With every form of exercise I’ve gotten into there’s a point where my brain switches off and my body just goes. It’s a paradox that through physical exertion I lose awareness of my physical body. It’s cool. But it takes a lot of time. It also often leads to my body breaking down.
Early in August I returned to work after three months away. Waiting in my spam folder was a long unhinged email. It felt like a targeted ad, as if the spammer datamined me before composing a spam specifically for me.
No line breaks. Inconsistent punctuation. The mafia and the government create and distribute drugs. Police arrest people for doing drugs. Some actions break your aura and destroy your chakra, allowing evil and demons into your body and soul. One such action is eating meat, “Doing bad things like eating meat, when you die, the devil will catch you and will beat your ass with candy.”
There are ways to rebuild your chakra and rid your life of evil and demons and also sickness, “There is a technique to cure any disease. Good jobs, having a woman, dream, music, laughter, adrenaline, crying, love all works. always be happy. must feel, fantasize that you Boss beats with the Gods, remember nostalgia.”
The email turns into a mystical, antivax self-help health plan. Ending on the most surefire way to restore aura and chakra, “Do not do a bad thing, make exercise, do starve. When the body becomes empty and light, you will be able to slip into the astral world, and when you slip, you will win. Because those are the rules.”
Rules are written. Follow them and win. Exercise. Disordered eating. Astral projection. Win.
I’ve made exercise, but I never did starving. Never astral projected. Never won.
I bring all this up because everything I read this month is about winning and escaping corporeal existence through the combination of extreme exercise and disordered eating called bodybuilding.
Enjoy!
Muscle: Confessions of an Unlikely Bodybuilder by Samuel Wilson Fussell. First published by Poseidon Press in 1991.

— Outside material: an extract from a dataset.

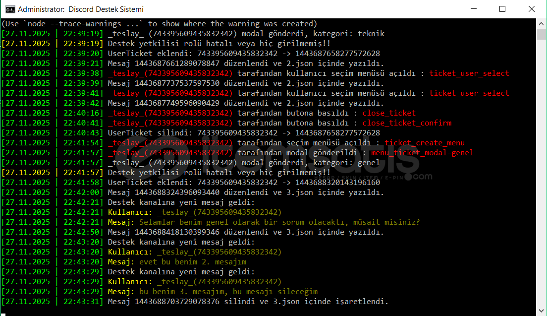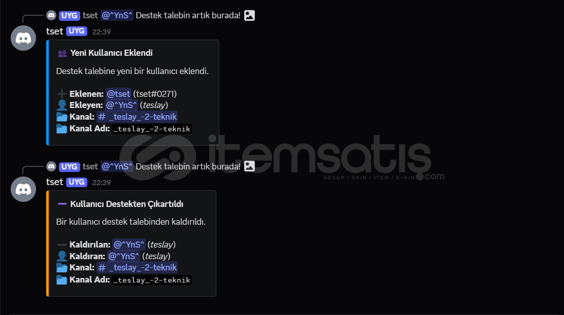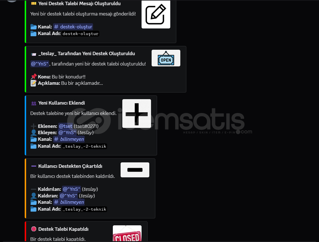 • Destek kanallarına eklenen veya çıkarılan kullanıcılar için log mesajları

Sam’s parents are academics. He attends Oxford. He is about to begin a PhD program in American Studies at Yale. But he feels vulnerable. Unsafe. He joins a gym for muscle. Muscle is armor, protection. With muscle Sam knows he’ll feel invulnerable. The gym takes over his life. Four hours a day. Six days a week. In addition to exercise he eats 5000 calories a day. (six eggs, six pieces of whole wheat toast, a whole grain cereal mix, a can of tuna, a pound of ground hamburger, a baked potato, a fistful of broccoli, a small salad, two chicken breasts, spinach pasta, two more slices of whole wheat bread, another pound of hamburger or steak, a can of tuna, another potato, more bread, a gallon of nonfat milk, three protein shakes each with three raw eggs, three tablespoons of protein powder, and a pint of nonfat milk). Gains 80 pounds.
Sam’s parents are sad and disgusted. They don’t understand. To help his dad understand he talks about “democracy and deadlifting, ‘urban dissonance,’ and diarrhea.” It didn’t work. Dad didn’t understand. To help his mother understand he shows her the movie Pumping Iron. It didn’t work. She cries. Says bodybuilders are so illiterate they can’t even speak. He tells her that Lou Ferrigno speaks like that because he is deaf, not illiterate. Sam moves from New York to LA where the real body builders live. Roommates with guys named Nimrod and Bam Bam. They inject steroids into each other’s butts and cry.
Sam enters a competition. Wins. Enters another. Loses. Quits bodybuilding forever. Never makes it to Yale.
Muscle is funny. On his first visit to the gym all the guys look at Sam and start shouting, “NEW MEAT! NEW MEAT!” One man brags to Sam, “I vomit the most. That’s why my legs are the best.” They all insist on fake names like The Portuguese Rambo. Shortly after his move to LA Sam meets a guy named Vinnie. Vinnie is the biggest and most intense bodybuilder at the gym. He becomes Sam’s best friend and roommate. Sam sees Vinnie wearing a diaper so explosive diarrhea from protein and steroids doesn’t interrupt his workout. Bodybuilders have so much diarrhea and are babies.
It’s easy to laugh at the gym freaks, but sadness underscores everything. The first people Sam meets in LA are a father and son. The father trains the son, controls his diet, injects his steroids. They live together in a car in the gym parking lot. Undeniably sweet people. Undeniably sad.
Sam first joins the gym to build armor so to protect himself from outside threats. At the same time he wants to build a prison to keep his true self locked in. He doesn’t want anyone to see the “real” him. Exercise frees him from thought. Body builders speak in clichés and platitudes: no pain no gain, pain is weakness leaving the body, etc. With an arsenal of clichés there’s no need to think about or express anything. Bodybuilders become shells.
People use bodybuilding to build and sculpt a body. One can create something (muscle) where there was nothing. It is creative and empowering. It’s also a way to build and sculpt an identity. Sam likes muscles, but it’s the identity, the attitude, the lifestyle, the emptiness he’s truly after. An identity that masks thoughts and feelings while projecting a numb strength. Sam never mentions any big trauma or terrible event that made him want to smother himself in muscles. His parents get divorced. A friend dies. It’s sad, normal life stuff. Normal life is hard and pushing himself to physical and mental extremes provides an escape from normal life. But the escape never lasts.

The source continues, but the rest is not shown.